So, where does the console get the StackTrace of the exception from? I'm using Visual Studio for running.
(Note: one thing I still really don't understand about your question is that, while you seem to be asking for a way to affect how an exception is reported to the console, you also say that you have some "tool" that apparently has access to the Exception object itself and is reporting on the inner-most exception, i.e. following the InnerException property chain until it reaches the last one. These two statements seem to be in contradiction with each other, so I'm not really sure I completely understand the question. Still, I spent some time looking into it, and will share what I have regardless. :) .)
IMHO, there is not a good way to do what you want. There is an ugly way (see below), but I don't recommend it. Especially since your main limitation is the "tool that uses the message"; it is IMHO a very bad idea to go changing production code just to suit some tool. That path leads to big maintenance headaches, if not outright buggy code.
If you really must change the exception message, you should just bite the bullet and toss the entire stack trace text you want to preserve into the message as well. Trying to mess around with the stack trace of the eventually-thrown exception itself is bad news.
That said…
If you were to add diagnostic calls to Console.WriteLine() to your method overrides, you would confirm (as you've probably already guessed) that the StackTrace property is not called when the exception is re-thrown and reported by the CLR to the console. Overriding the property is not going to help.
There are at least two problems with trying that strategy:
The StackTrace property is just a string containing formatted information about the stack trace. The Exception object does actually contain a private field _stackTrace. When you execute the throw statement with an Exception object, the CLR stores the current stack trace information into this field. You would have to find some way to overwrite this field after the fact, to fake a throw site different from the actual one.
The CLR exception handling leverages existing Windows exception handling infrastructure. One of the first things that happens when an exception is thrown is the exception handling code attempts to find a handler up the stack. If it fails to find one, then you get the "Unhandled Exception:" message. But note that in the process, the stack has not been unwound.

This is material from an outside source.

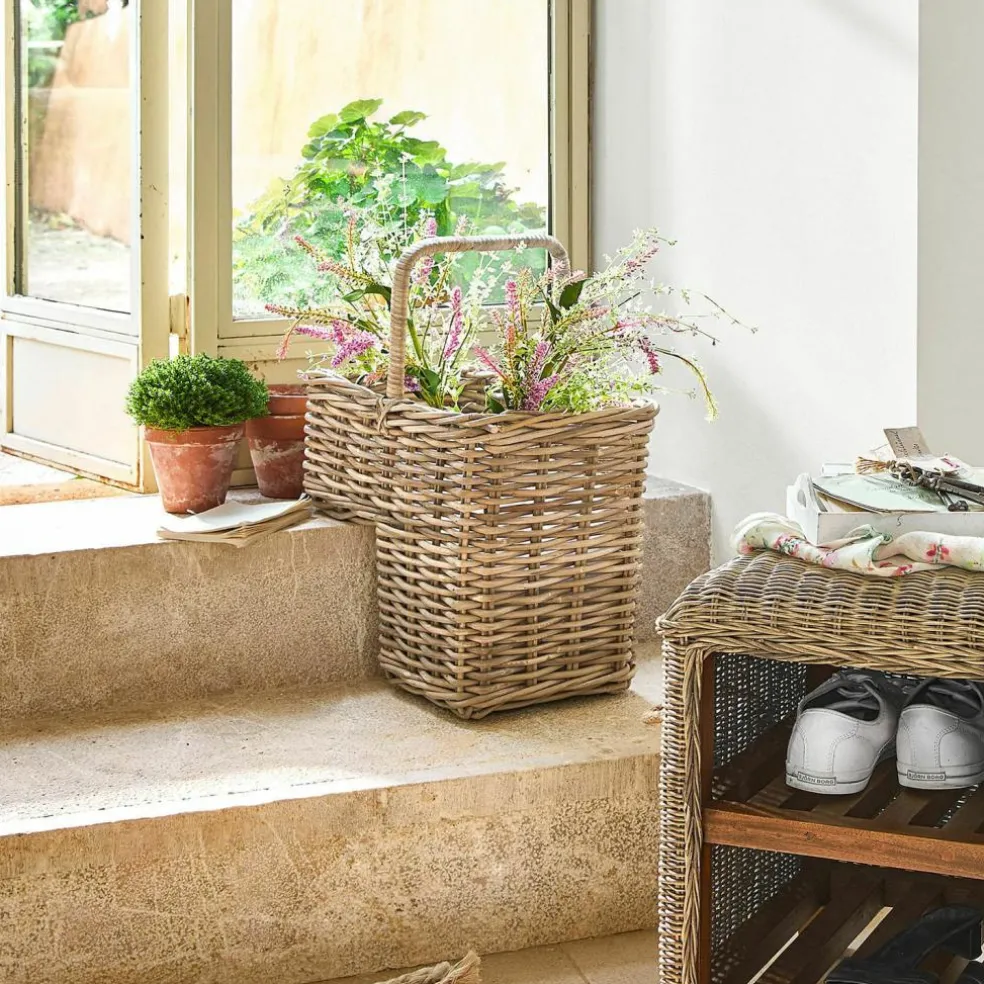 Der Treppenkorb aus naturbelassenem Rattan überzeugt durch seine Funktionalität und sein zeitloses Design. Dank der besonderen Form passt er sich optimal an die Treppenstufen an und schafft eine unkomplizierte Lösung, um Dinge wie Zeitungen, Bücher oder Accessoires von einem Stockwerk ins andere zu transportieren. Der praktische Griff sorgt dafür, dass alles bequem und sicher bewegt werden kann. Ob als stilvolles Dekorationsobjekt oder als hilfreiches Accessoire im Alltag – dieser Korb ist eine charmante Bereicherung für jedes Zuhause.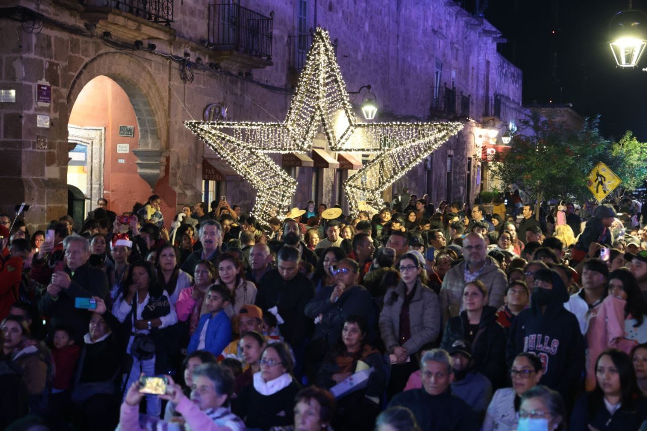 Morelia, Mich., 17 de Diciembre de 2023.- Miles de morelianos y morelianas vivieron un momento mágico durante la segunda Macroposada que organizó el Ayuntamiento y la Arquidiócesis de Morelia, la cual reunió a miles de familias en el Centro Histórico.

Thus, the exception handling code does not even need to inspect the Exception object at all to determine the throw site; the stack is still there, and its state can be reported directly. There is literally nothing you can do with the Exception object that would affect reporting, if indeed the exception handling code is looking directly at the stack state.
Now, as it happens, for the version of .NET I'm running on my Windows 8.1 machine, it appears that the CLR is reporting the stack trace as stored in the Exception object and not directly inspecting the stack, per option #2 above. So something like this actually works:
ExceptionWrapper class
class ExceptionWrapper : Exception
{
private readonly string _trace;
private readonly string _message;
private readonly string _toString;
private readonly object _stackTrace;
public ExceptionWrapper(Exception e)
{
_trace = e.StackTrace;
_message = e.Message + ", wrapped";
_toString = e.ToString();
_stackTrace = typeof(Exception).GetField("_stackTrace",
BindingFlags.NonPublic | BindingFlags.Instance).GetValue(e);
}
public override string StackTrace { get { return _trace; } }
public override string Message
{
get
{
typeof(Exception)
.GetField("_stackTrace", BindingFlags.NonPublic | BindingFlags.Instance)
.SetValue(this, _stackTrace);
return _message;
}
}
public override string ToString() { return _toString; }
}
Test program
class Program
{
static void Main(string[] args)
{
try
{
M1();
}
catch (Exception e)
{
throw;
}
}
private static void M1()
{
try
{
M();
}
catch (Exception e)
{
throw new ExceptionWrapper(e);
}
}
static void M()
{
throw new Exception("test exception");
}
}
There is a very significant caveat though. This works only because of two specific facts:
The CLR is not taking advantage of the current stack state, but instead is trusting the Exception object to contain correct stack information in the _stackTrace field.
The CLR calls the Message getter of the Exception object before retrieving the stack trace. This gives the object an opportunity to overwrite the _stackTrace field before the CLR accesses it for the purpose of reporting the stack trace.
Both of these are, as near as I can tell, completely undocumented implementation details. The second one in particular is very fragile; while I can see why the CLR might always have to stick with the first detail, I see no reason at all that Microsoft (never mind other implementors of the CLS) should feel compelled to preserve the behavior in the second point.
Writing code that relies on these implementation details is just asking for trouble. Whatever the broader goal here is, I simply cannot imagine it would be worthwhile to suffer the risk of breaking your project for this need. IMHO, it would be much more reasonable to simply rewrite this "tool" you are trying to accommodate.
Tools are (or at least should be) inherently simple in nature, and not only would rewriting it allow you to produce the results you want without mucking around with private implementation details in third-party code, it would also give you the chance to a) add new features, such as providing options for controlling how to process exception data (e.g. looking at something other than the inner-most exception), and b) have a tool for which you do have the source code, with which you can make further improvements in the future.
I strongly advise that you not paint yourself into this particular corner. :)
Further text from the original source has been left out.